Não obstante o ceticismo destes
líderes, e o surgimento de algumas medicações
baseadas na lógica científica, a prática da
medicina continuava a ser variada e a seguir
diferentes métodos. Como vimos, os novos
conhecimentos sobre o corpo e a doença - e
mesmo os primeiros produtos da farmacologia
- pouco alteraram a arbitrariedade nas práticas
terapêuticas. De fato, a medicina do séc. XIX
encontrava-se na situação incômoda de
competir, pelo mercado de trabalho e por
prestígio, com outros terapeutas e sistemas, em
60
uma crise que se arrastava desde o séc. XVII.
E, muitas vezes, o clínico tinha menos
popularidade que charlatães e curandeiros.
No séc. XIX, o aumento da difusão
de conhecimentos técnicos e eruditos permitiu
ao chamado charlatão ganhar força diante da
“corporação médica”, pois o domínio da
palavra escrita se ampliou para grupos menos
fechados. O aprendizado de conhecimentos
tradicionais e a veiculação de novas idéias
aumentaram e se ampliaram a absorção da
ciência médica e a capacidade de contestá-la.
Assim, neste momento, a luta entre um
conhecimento “oficial” e um paralelo, ou
ilegítimo, dava-se entre cidadãos de um
mesmo nível, diferentemente de tempos
anteriores, em que as feiticeiras e os bruxos
eram marginais e clandestinos na sociedade. O
desprestígio dos clínicos se evidenciava, por
exemplo, na abundância de publicações
intituladas “medicina sem médico”, editadas
com o objetivo de fornecer ao leitor a instrução
necessária para se tratar; algumas dessas
publicações faziam questão de frisar que seus
autores, embora soubessem anatomia,
fisiologia e matéria médica, não eram médicos,
isto é, não ofereciam perigo!
VIII – Homeopatia
Um grupo de médicos naturistas
escapou, em parte, deste descrédito: os
homeopatas. O fundador da homeopatia,
Samuel Hahnemann (1755-1843), além de
criticar a falta de cuidado e respeito ao doente,
propunha uma concepção vitalista; do ponto de
vista terapêutico, tinha como princípio
doutrinário a regra básica de que “os
semelhantes são curados pelos semelhantes”.

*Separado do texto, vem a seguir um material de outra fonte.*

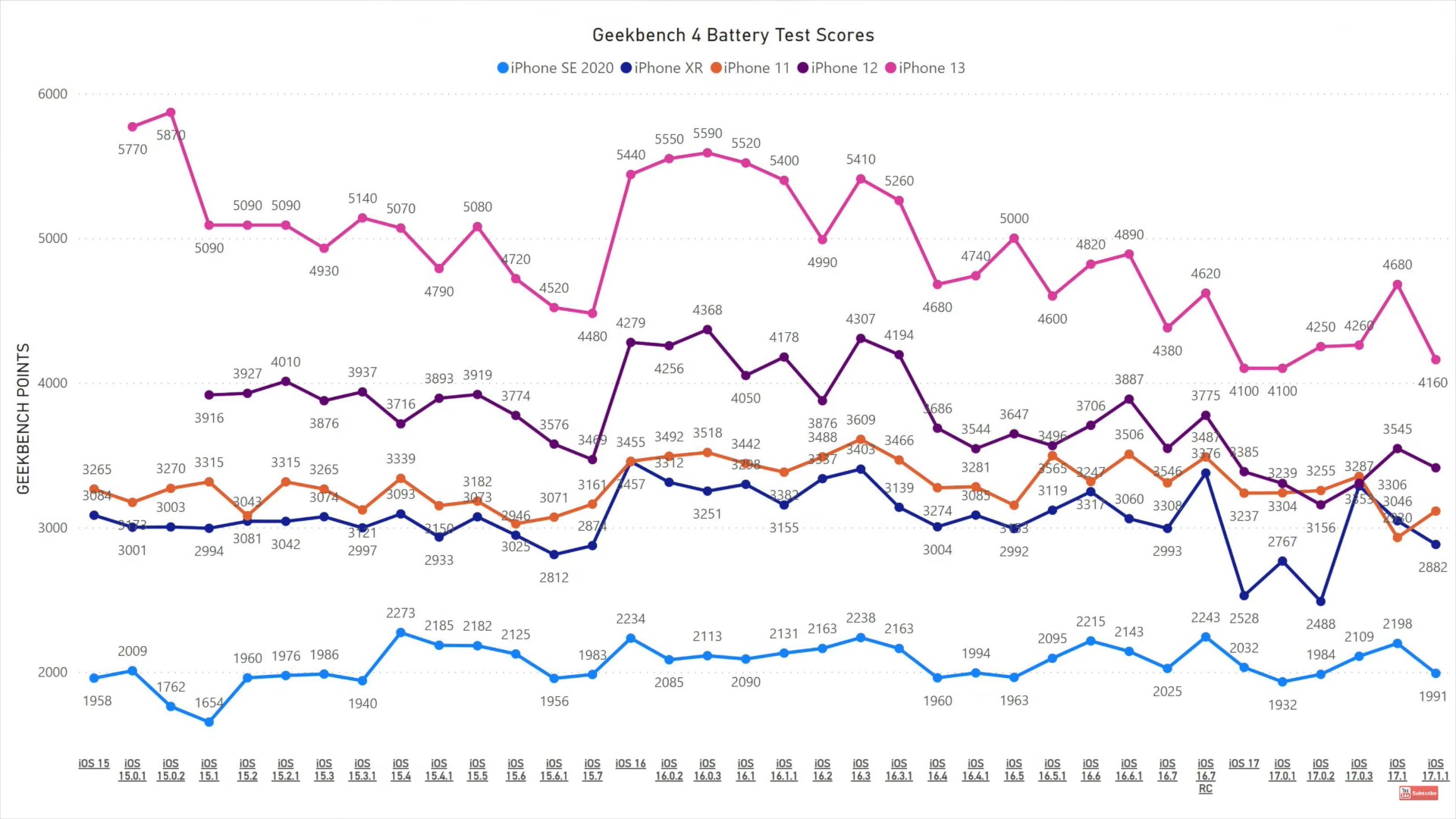 Jak lze vidět z tabulky pod odstavcem, tato aktualizace se zřejmě úplně nepovedla. Až na iPhone 11 všechny testované modely na výdrži baterie v bodovém hodnocení aplikace GeekBench ztratily. Obzvláště znepokojující je výsledek iPhonu 13, jenž dosáhl v testu na 4160 bodů. Od svého vydání pouze na dvou verzích iOS byl výsledek horší, a to na 17.0 a 17.0.1, kdy obdržel shodně 4100 bodů. Na iOS 15.0.2, tedy o dva roky zpět, měl tento model celkem 5870 bodů. Apple má tedy rozhodně co dohánět. Jaká je po aktualizaci na iOS 17.1.1 výdrž vašeho zařízení?

O objetivo fundamental deste método é
descobrir a característica básica do indivíduo
para, em seguida, tratá-lo com o remédio
similar. Esta essência é procurada desde os
sintomas relatados pelo paciente, organizados
segundo uma hierarquia: os sintomas mentais
são considerados uma expressão mais pura do
desequilíbrio, enquanto os sintomas físicos
devem ser relativizados. De acordo com
Hahnemann, a tarefa do médico é a cura do seu
paciente, e não lhe cabe fazer teorias sobre as
doenças. Para a homeopatia, a doença não é
uma entidadade, mas um desequilíbrio da
“energia vital”.
A teoria terapêutica homeopática
conseguiu unir a idéia do poder de cura da
natureza ao socorro do remédio, uniu as ações
de Higéia e Panacéia: para a homeopatia, a
natureza curativa não é um severo exercício de
ascetismo e controle, de niilismo terapêutico e
recurso exclusivo às próprias forças, pois o
homem pode valer-se da medicação. Esta, por
sua vez, não é misteriosa ou atemorizante; mas
uma natureza semelhante, que se une à outra
para fortalecê-la e não para transformá-la.
61
IX - Bacteriologia: em busca das causas
Os últimos vinte anos do século XIX
assistiram à uma transição. A idéia de tratar o
doente pelos sintomas, de considerar a idéia da
doença específica mudou. Anteriormente, a
discussão sobre infecção e contágio se
restringia aos domínios da etiologia, com a
qual a terapêutica nada tinha a ver. A partir de
agora, a doença existe, tem uma causa a ser
pesquisada, para servir de indicação para o
melhor tratamento.
Os clínicos, combatentes do
ceticismo e esperançosos de uma farmacologia
e uma terapêutica com base na fisiopatologia e
na clínica, não se convenceram, de imediato,
da importância da microbiologia para o seu
trabalho. Para eles, a existência, ou não, de
microorganismos e de um raciocínio
etiológico, não era fundamental para a
terapêutica. Dominava a idéia de que o
remédio era específico para cada doente, e não
para cada doença. Assim, o combate ao agente
etiológico através de substâncias tóxicas não
só não era importante, como podia representar
um risco para o paciente. A resistência
apresentada por muitos médicos - e mesmo por
cientistas, como Claude Bernard - à idéia de
que as doenças fossem provocadas por
microorganismos, não é simples produto do
obscurantismo ou falta de fé na ciência. Para
estes clínicos, a crença na positividade da
natureza, em Higéia, isto é, na possibilidade da
natureza providenciar remédios e forças
intrínsecas benignas, os fazia duvidar - não da
existência de bactérias - mas do valor do
conhecimento das bactérias para a medicina.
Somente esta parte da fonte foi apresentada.